Estava viajando em condescendência quando imaginei que o que eu escrevo talvez fosse colocado, pela eventual bondade de algum intérprete, com Debussy ou Satie. Não porque minhas coisas sejam tão boas quanto as deles, mas creio que os universos se identifiquem, embora isto varie conforme a peça [minha] da qual se estiver falando. Algumas exceções aparecem, acho que a Toccata de 1998 podia estar junto com Schoenberg num concerto de música cinza, ou melhor: talvez com Webern, para mostrar que na verdade ela quer ser colorida. Não olhem feio: o cinza em Schoenberg vem dos olhos de Messiaen, e, puxa vida, estou apenas divagando um pouco – em condescendência, como falei.

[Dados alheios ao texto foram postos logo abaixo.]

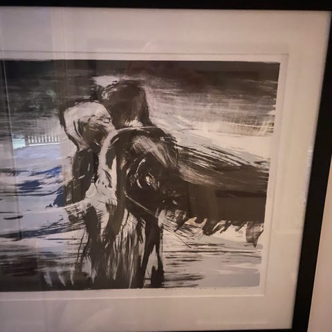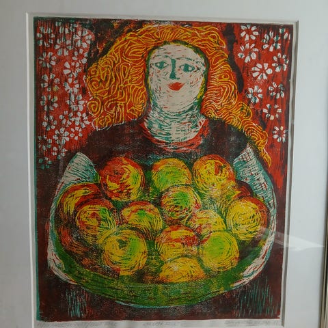 Runi Langum Litografi (32/100 år 2000) - den gamle brannvakta på Rundtom i Drammen. Gullramme 19 x 25 cm, selve litografiet 9,8 x 12, 2 cm.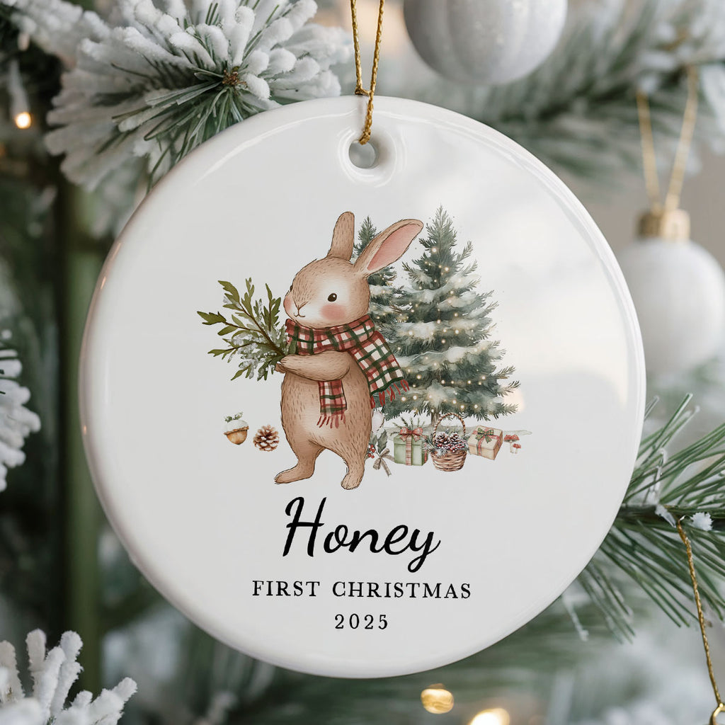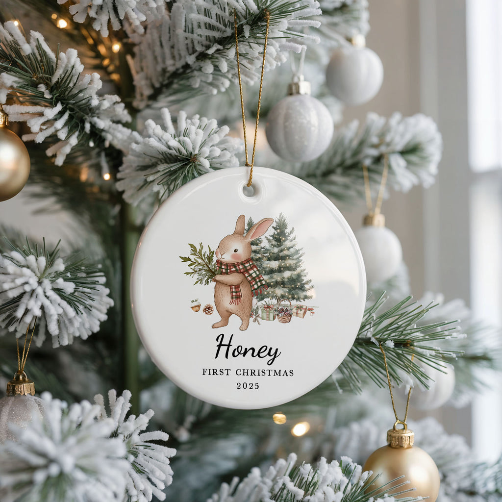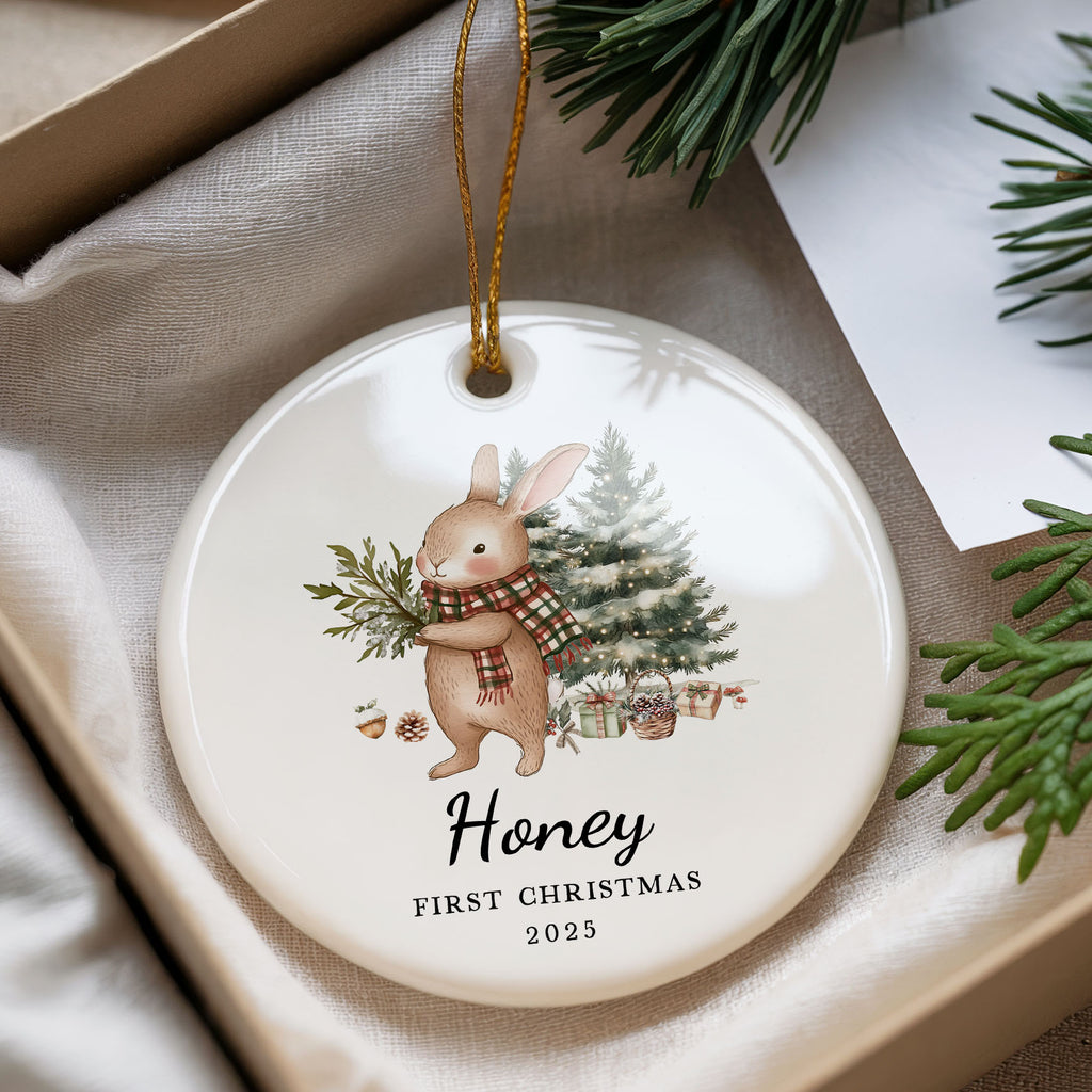 Baby's First Christmas Ornament, Rustic Bunny Rabbit

Tenho curiosidade de saber o que Debussy acharia do que eu componho. Mas admito que, se ele não gostasse, eu passaria, de uma hora para outra, a ignorar sua opinião. Ele poderia achar muito repetitivo, já que no tempo dele não se repetiam tanto as coisas; poderia achar isso para bem, poderia achar isso para mal. Talvez até me perguntasse de onde tirei essa idéia de repetir tanto. Aí eu lhe mostraria Philip Glass e ele passaria meses extático. Ei, Claude, parece eu mesmo com dezessete anos.
Já pensei nisso com Bach, mas não tive nenhuma idéia muito delirante. Tudo depende: ele saberia que eu nasci 295 anos depois dele? Ele teria alguma idéia no que aconteceu nesses anos? Difícil saber.
Em alguns momentos mais obscuros chego a pensar que nenhum europeu gostaria muito da minha música, e justo eu, que costumo evitar generalizações, a não ser que sejam divertidas. Devo ter sido influenciado por uma pianista francesa que vi uma vez dar uma palestra. Falando de uma peça de George Crumb, eu acho, mostrou um trecho tonal melodioso e disse: trop americain, trop americain. Não sei, vou esperar o primeiro europeu ouvir algo que eu tenha escrito para dizer alguma coisa além disso.
Aonde quero chegar com isso tudo? A lugar nenhum; portanto, não espereis, ó relevância, que eu vos coroe ao fim destes parágrafos.